[WHAT NEEDS TO BE DONE]
With the pictures left out, write out exactly the lines of the listing below that run from the line with "Om øst hadde" through the line with "Sur la petite".

[SUPPLIED DATA]

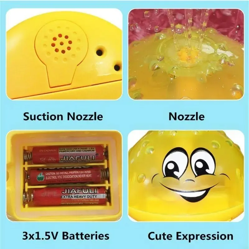 Colourful LED Lights Equipped with vibrant LED lights that flash as the toy operates. The combination of spinning lights and spraying water creates a magical atmosphere in the tub.
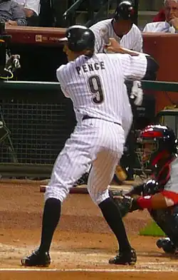 In his third season (2009), Pence was named an All-Star for the first time.[17] In his fourth season (2010), he batted .282 with 25 home runs, drove in 91 RBIS and played 156 games. For the week of August 30 – September 5, 2010, Pence was named National League Player of the Week for the second time in his career after batting .500 (11-for-22) and slugging .909 with two home runs.[18]
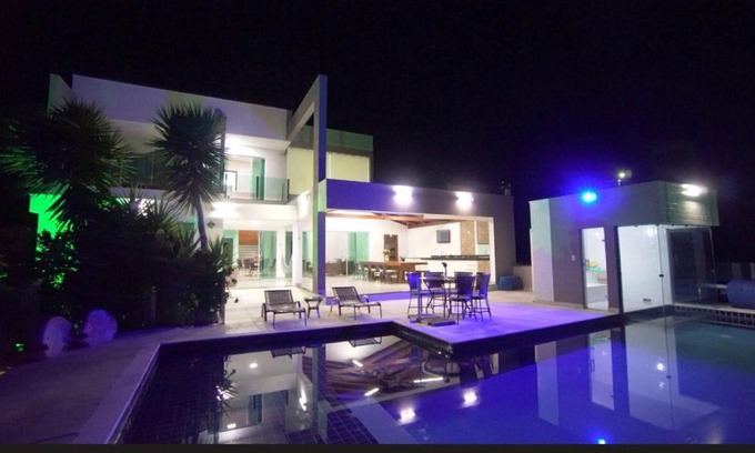 House in Escarpas do Lago! offers accommodations in Capitólio, 25 miles from Canyon Furnas. This property offers access to a balcony, free private parking, and free Wifi. Guests can use a garden. The air-conditioned vacation home is composed of 6 separate bedrooms, a fully equipped kitchen with an oven and a microwave, and 8 bathrooms. A flat-screen TV is provided. The property offers garden views. The vacation home also provides a pool with a view and a sauna for guests to relax in. Varginha Airport is 104 miles away.
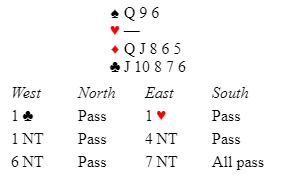 Om øst hadde overført til hjerter og så meldt 7 hjerter ville det vært nord som avgjorde spillet med sitt utspill. Han kunne godt ha spilt ut kløver knekt, storeslem til notering.
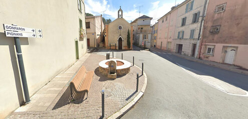 Sur la petite place à l'intersection de la rue des Boyers et de la route de Gonfaron
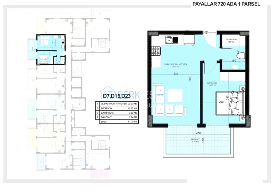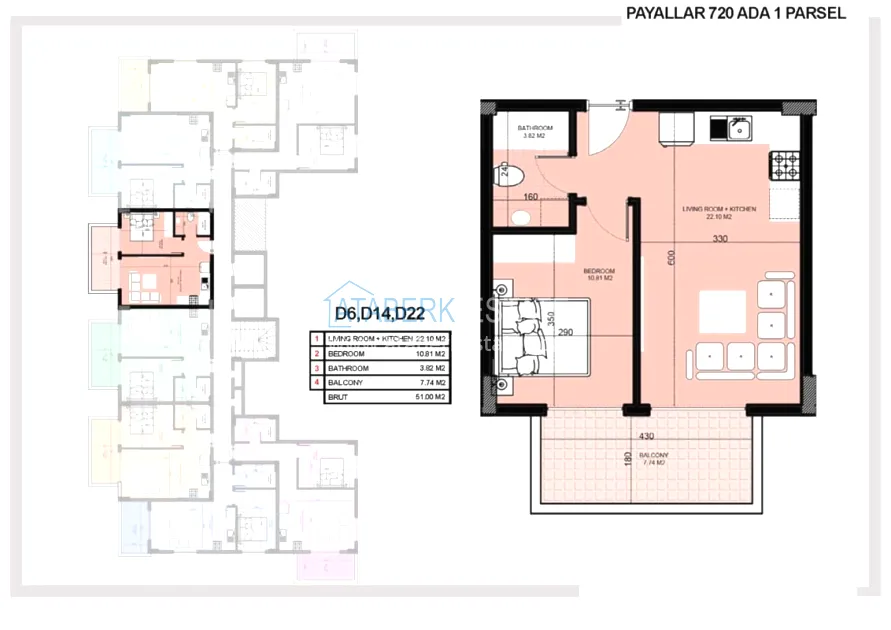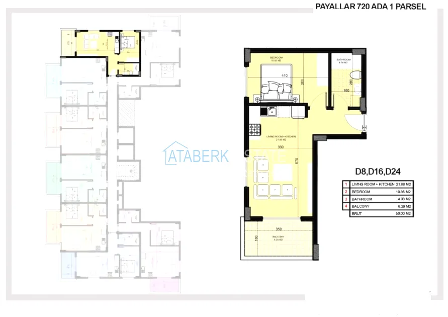 Проект реализуется в живописном уединенном месте на расстоянии 1 км от побережья Средиземного моря. Строительство ведет компания с безупречной репутацией. В проекте один пятиэтажный блок на 33 квартиры – двухкомнатные 1+1 площадью 50-60 м2 и пентхаусы 2+1 площадью 107-126 м2. Также проектом предусмотрена закрытая компактная, но функциональная территория с необходимым комплексом услуг для более комфортного проживания.

[ANSWER AREA]
 Om øst hadde overført til hjerter og så meldt 7 hjerter ville det vært nord som avgjorde spillet med sitt utspill. Han kunne godt ha spilt ut kløver knekt, storeslem til notering.
 Sur la petite place à l'intersection de la rue des Boyers et de la route de Gonfaron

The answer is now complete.